From the records below, output exactly the lines running from the line containing "ISLAMABAD: Caretaker Prime" through the line containing "To go to those", and no others.

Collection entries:
□ □ □
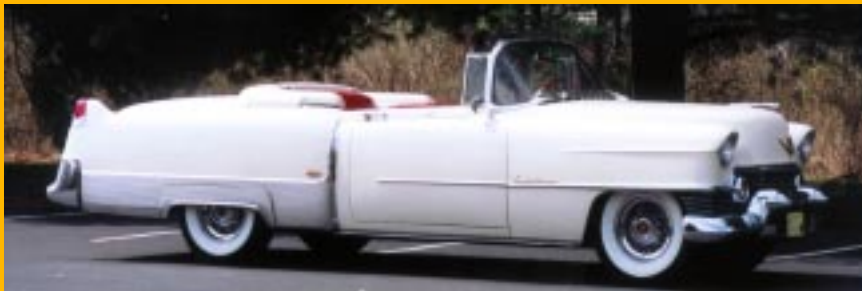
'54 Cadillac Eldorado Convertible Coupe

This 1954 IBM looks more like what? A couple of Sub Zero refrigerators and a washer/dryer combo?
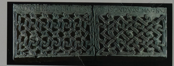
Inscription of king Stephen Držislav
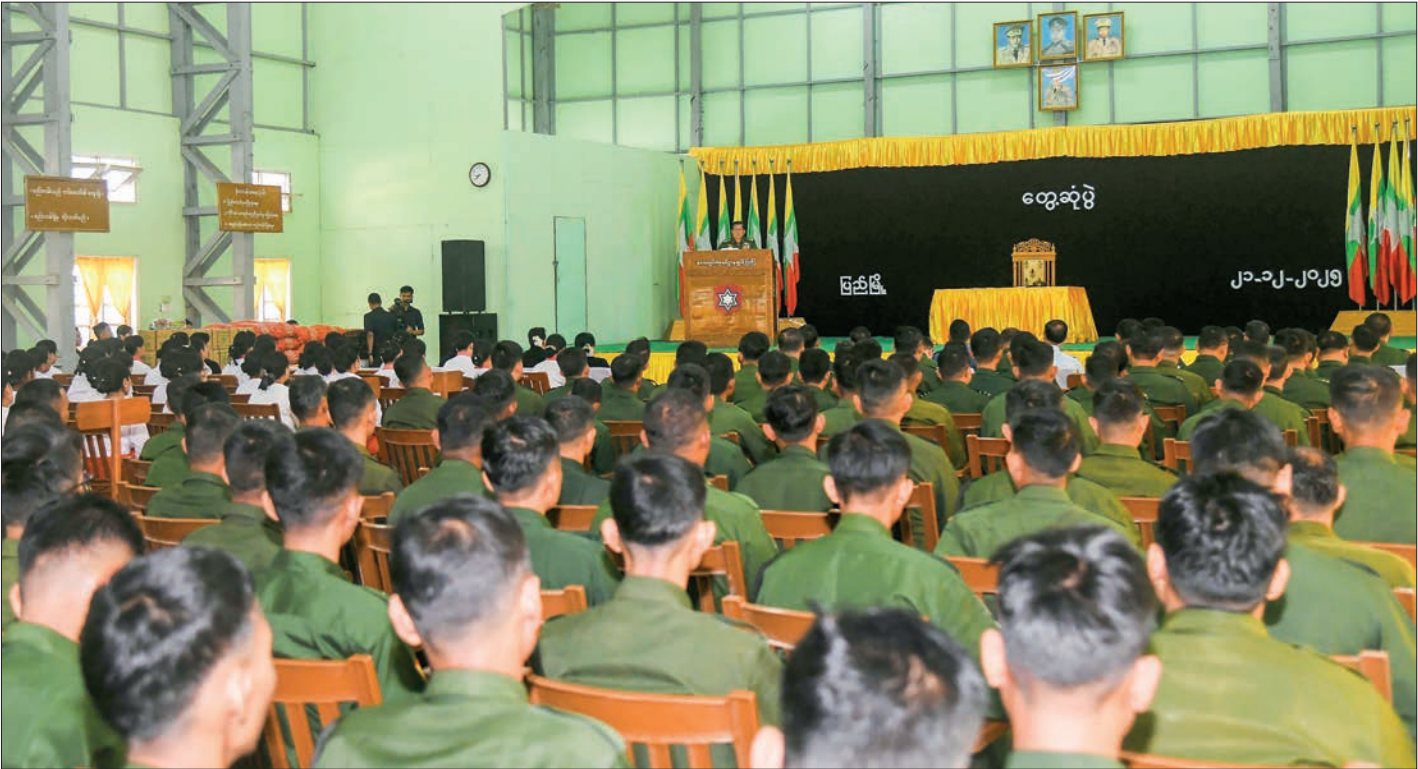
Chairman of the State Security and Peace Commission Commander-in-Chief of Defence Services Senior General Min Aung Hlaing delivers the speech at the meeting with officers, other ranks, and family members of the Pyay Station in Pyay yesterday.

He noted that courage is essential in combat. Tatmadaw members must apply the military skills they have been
□ □ □
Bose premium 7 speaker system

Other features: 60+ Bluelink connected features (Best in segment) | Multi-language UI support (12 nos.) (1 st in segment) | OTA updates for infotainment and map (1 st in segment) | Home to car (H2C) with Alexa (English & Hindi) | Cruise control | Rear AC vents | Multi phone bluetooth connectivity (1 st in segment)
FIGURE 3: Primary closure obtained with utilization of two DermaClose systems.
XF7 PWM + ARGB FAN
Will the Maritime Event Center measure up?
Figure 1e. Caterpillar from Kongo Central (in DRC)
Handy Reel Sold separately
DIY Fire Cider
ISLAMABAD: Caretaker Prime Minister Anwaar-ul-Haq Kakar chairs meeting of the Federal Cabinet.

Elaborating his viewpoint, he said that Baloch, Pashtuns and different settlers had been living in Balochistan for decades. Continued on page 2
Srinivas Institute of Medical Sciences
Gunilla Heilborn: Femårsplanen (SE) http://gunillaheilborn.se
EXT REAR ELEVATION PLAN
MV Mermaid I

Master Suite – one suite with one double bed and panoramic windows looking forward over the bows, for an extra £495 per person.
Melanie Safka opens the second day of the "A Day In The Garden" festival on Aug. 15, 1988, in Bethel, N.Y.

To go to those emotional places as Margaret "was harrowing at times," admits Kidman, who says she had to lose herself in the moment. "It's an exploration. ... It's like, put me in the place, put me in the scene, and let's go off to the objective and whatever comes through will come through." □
□ □ □
- ANSWER TO THIS PROBLEM:
ISLAMABAD: Caretaker Prime Minister Anwaar-ul-Haq Kakar chairs meeting of the Federal Cabinet.

Elaborating his viewpoint, he said that Baloch, Pashtuns and different settlers had been living in Balochistan for decades. Continued on page 2
Srinivas Institute of Medical Sciences
Gunilla Heilborn: Femårsplanen (SE) http://gunillaheilborn.se
EXT REAR ELEVATION PLAN
MV Mermaid I

Master Suite – one suite with one double bed and panoramic windows looking forward over the bows, for an extra £495 per person.
Melanie Safka opens the second day of the "A Day In The Garden" festival on Aug. 15, 1988, in Bethel, N.Y.

To go to those emotional places as Margaret "was harrowing at times," admits Kidman, who says she had to lose herself in the moment. "It's an exploration. ... It's like, put me in the place, put me in the scene, and let's go off to the objective and whatever comes through will come through." □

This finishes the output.